(THE INPUT Opens)

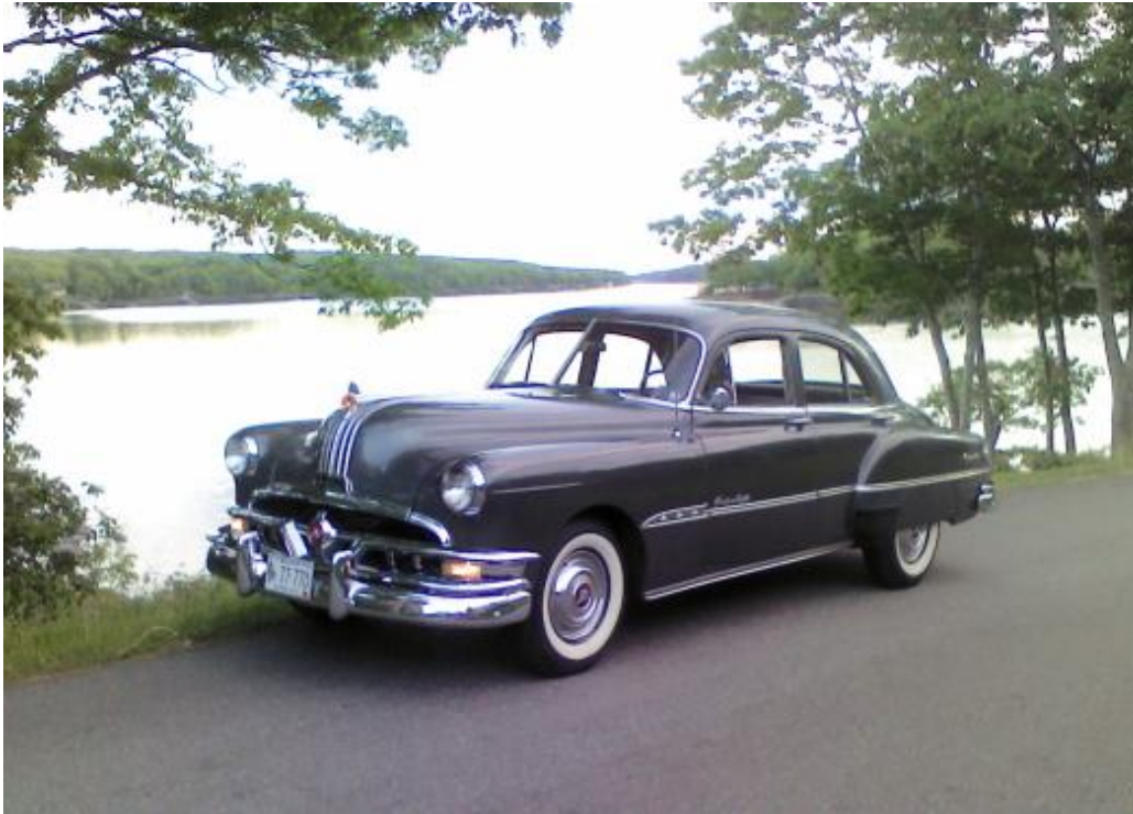
Glamour Shot 6/7/2020

I purchased the car on 8/31/2018 – A couple of week later I took to the Gardiner Cruise In but found it to be starving for fuel at speed or on hills. That turned out to be a plugged fuel line from the tank. As a last resort I blew out the line with an air hose and the car has run fine since. In 2019 I took it out of storage for the first ride and the brake pedal went to the floor. In June 2020 I rebuilt the master cylinder and the car is back in action one again. On 6/7/2020 we took it for a ride and it turned 45,000 miles which I believe to be original.
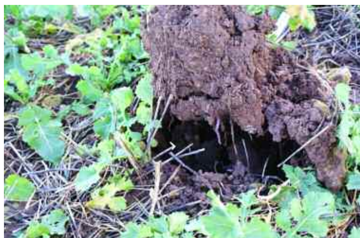
Companion crops with a low C:N ratio decompose quickly, releasing nitrogen back in the soil for the OSR crop to utilise in the spring.
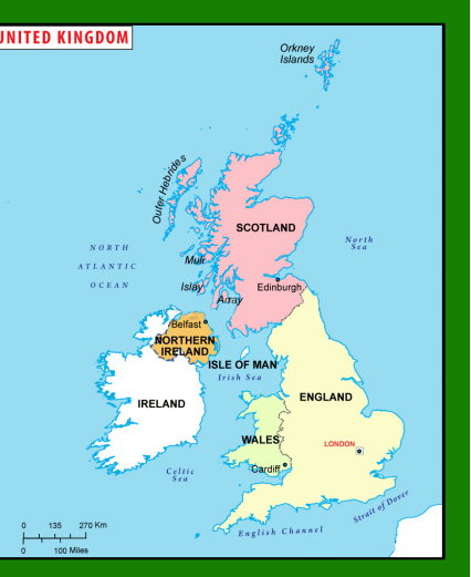
The United Kingdom
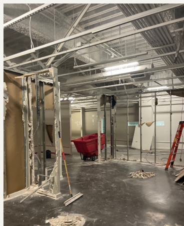
Hooker Furnishings demolition
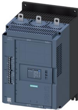
SIRIUS soft starter 200-600 V 113 A, 24 V AC/DC Screw terminals Thermistor input
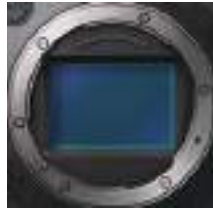
Sensor in AW-UB50

The AW-UB50 boasts a 24.2-megapixel full-size MOS sensor and the AW-UB10 features a 10.3-megapixel 4/3-inch MOS sensor, both realizing high-quality video with excellent color reproduction and resolution. The high-sensitivity, large-format sensors achieve a shallow depth of field for emotional expressiveness with beautifully blurred backgrounds. In addition, detailed expressions can be captured even in low-light environments thanks to wide dynamic range (AW-UB50: 14+ stops / AW-UB10: 13 stops).
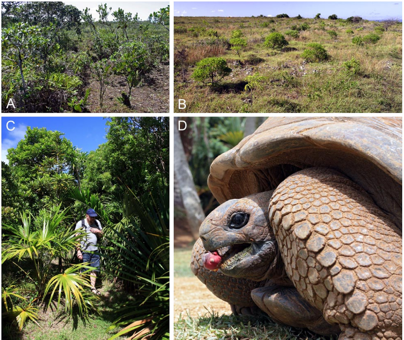
Fig. 2. Restoration of plant–animal mutualisms on oceanic islands. Options for restoring native pollination and seed dispersal interactions are manifold. They include weeding or eradicating alien invasive species, as well as actively facilitating increases in populations of native species, or even replacing extinct species with taxon substitutes. For example, while manual weeding of introduced and invasive plant species in restoration areas in Mauritius creates a lot of initial disturbance (A; compare right-hand side, weeded area with left-hand side, unweeded area), it rapidly results in an increase in interactions between native plants and native flower visitors, compared to non-weeded areas (Kaiser-Bunbury et al., 2009). On extremely degraded islands, such as Rodrigues in the Indian Ocean, another option is to recreate native habitats from scratch. Here, in the Francois Leguat Reserve, some 100,000 native seedlings have been planted in 2007 (B). In another conservation area on Rodrigues, Grande Montagne, similar plantings in 1998 have already resulted in a low forest of 3–6 m in height (C), with many plants already flowering and producing fruits. A next logical step would be to rewild such habitats with taxon substitutions, replacing extinct endemic frugivores with extant analogues, for example Aldabra giant tortoises Aldabrachelys gigantea to replace the two extinct Cylindraspis giant tortoises (D).
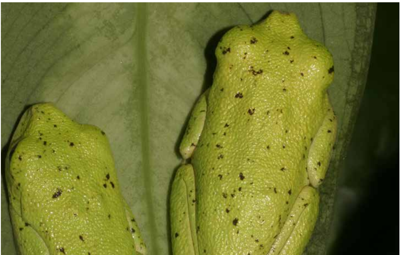
Lemur Leaf Frogs sleep attached to leaves during the day

The original distribution range of Agalychnis lemur used to extend from the border between Panama and Colombia through central Panama to central Costa Rica.
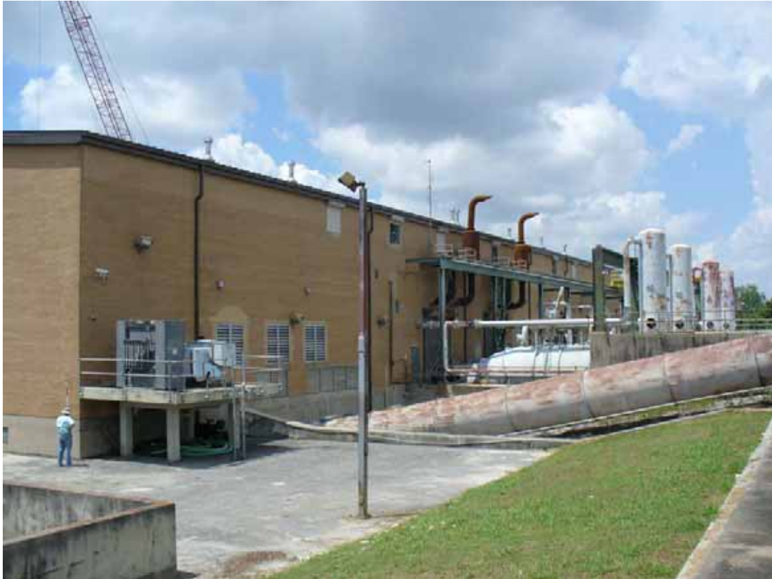
1. View of site as seen from the east direction. Observe two transformers at southeast corner of building.

(THE INPUT Closes)

> YOUR ASSIGNMENT:
Give the number of lines in the entries that hold the word "original", and nothing else.

> ANSWER TO THIS TASK:
2